However, it is important to consider the three QC covariates jointly as otherwise this might lead to misinterpretation of cellular signal. One example are cells with a relativly high fraction of mitochondrial counts which might be involved in respiratory processes and should not be filtered out. Another example are cells with low or high counts which might correspond to quiescent cell populations or cells larger in size. Therefore, it is prefered to consider multiple covariates when univariate thesholding decisions are made. In general, it is advised to exclude fewer cells and be as permissive as possible to avoid filtering out viable cell populations or small sub-populations. 

QC on datasets is often performed in a manual fashion by looking at the distribution of different QC covariates. However, as these datasets grow in size it might be worth to consider automatic thresholding via MAD (median absolute deviations). {cite}`germain_pipecomp_2020` proposed in their study on different preprocessing steps to mark cells as outliers if they differ by 5 MADs which relects a relatively permissive filtering strategy. 

In the analysis workflow, one first needs to calculate the QC covariates (QC metrics).
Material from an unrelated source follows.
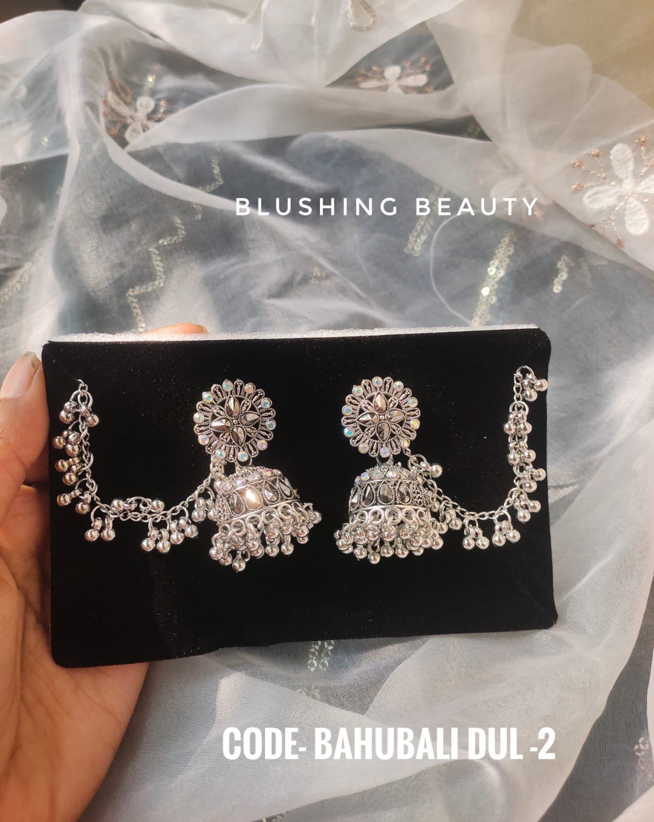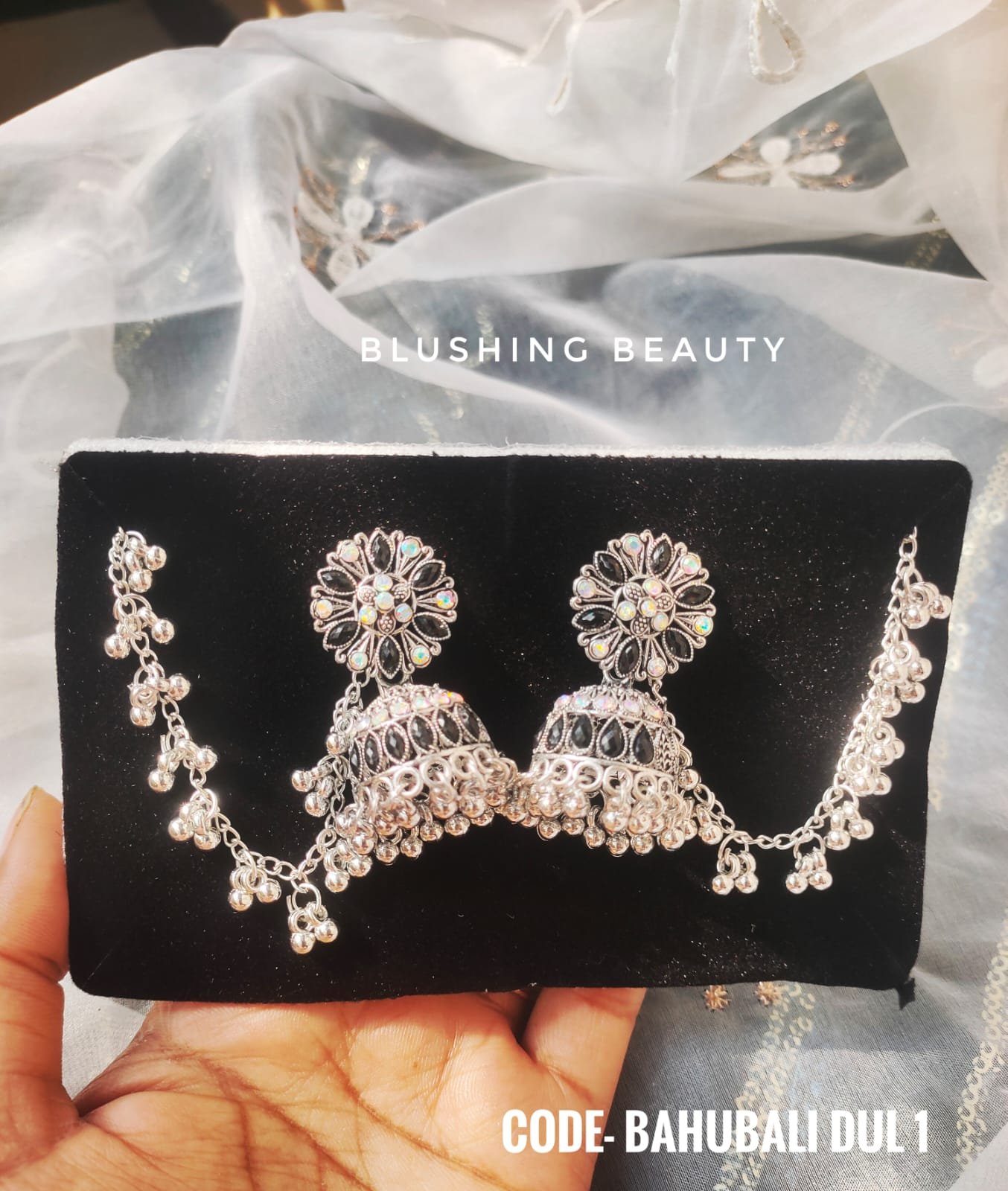 Be the first to review “Royal Bahubali Oxidized Silver Jhumka with Ear Chain” Cancel reply

We use the scanpy function `sc.pp.calculate_qc_metrics()` for this manner and additionally compute the log1p transformed values. 

In [8]:
sc.pp.calculate_qc_metrics(adata, inplace=True, percent_top=[20], log1p=True)

In [9]:
adata

AnnData object with n_obs × n_vars = 108183 × 36601
    obs: 'site', 'donor', 'scDblFinder_class', 'n_genes_by_counts', 'log1p_n_genes_by_counts', 'total_counts', 'log1p_total_counts', 'pct_counts_in_top_20_genes'
    var: 'gene_ids', 'feature_types', 'genome', 'n_cells_by_counts', 'mean_counts', 'log1p_mean_counts', 'pct_dropout_by_counts', 'total_counts', 'log1p_total_counts'

Next, we define a function that allows automatic filtering based on MAD. This function takes a `metric`, i.e. a column in `.obs` and the number of MADs (nmad) that is still permissive within the filtering strategy. 

In [23]:
def isOutlier(metric, nmads):
    M = adata.obs[metric]
    outlier = (M < np.median(M) - nmads * M.mad()) | (np.median(M) + nmads * M.mad() < M)
    return outlier

We now apply this function to the `log1p_total_counts`, `log1p_n_genes_by_counts` and `pct_counts_in_top_20_genes` QC covariates each with a threshold of 5 MADs.

In [24]:
adata.obs['outlier'] = isOutlier('log1p_total_counts', 5) | isOutlier('log1p_n_genes_by_counts', 5) | isOutlier('pct_counts_in_top_20_genes', 5) 
adata.obs['outlier'].value_counts()

False    104883
True       3067
Name: outlier, dtype: int64

So we classify 3,067 cells as outlier with respect to these three metrics. 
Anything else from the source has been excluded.